<<<<
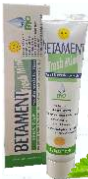
bělící zubní pasta
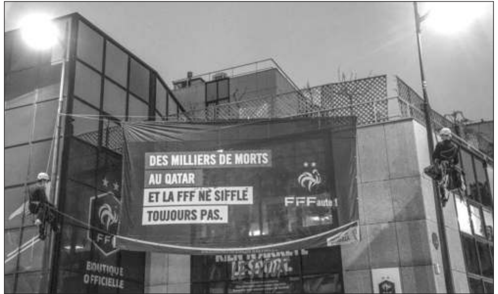
▲ Activistas de Amnistía Internacional colocan un cartel en las oficinas de la Federación de Fútbol de Francia pidiendo que atiendan las violaciones a derechos de los trabajadores migrantes que laboran en Qatar en la preparación a la Copa Mundial.

Los trabajadores no tienen permitido formar sindicatos para pelear de manera colectiva por sus derechos, además de que no hay justicia para ellos y la compensación por abusos sigue siendo escasa, permitiendo que los patrones exploten a sus empleados con impunidad, aseguró Amnistía en su
>>>>
**THE PROBLEM**
Return the data above in its exact wording, with none of the pictures.

**RESPONSE TO THE EXERCISE**
bělící zubní pasta
▲ Activistas de Amnistía Internacional colocan un cartel en las oficinas de la Federación de Fútbol de Francia pidiendo que atiendan las violaciones a derechos de los trabajadores migrantes que laboran en Qatar en la preparación a la Copa Mundial.

Los trabajadores no tienen permitido formar sindicatos para pelear de manera colectiva por sus derechos, además de que no hay justicia para ellos y la compensación por abusos sigue siendo escasa, permitiendo que los patrones exploten a sus empleados con impunidad, aseguró Amnistía en su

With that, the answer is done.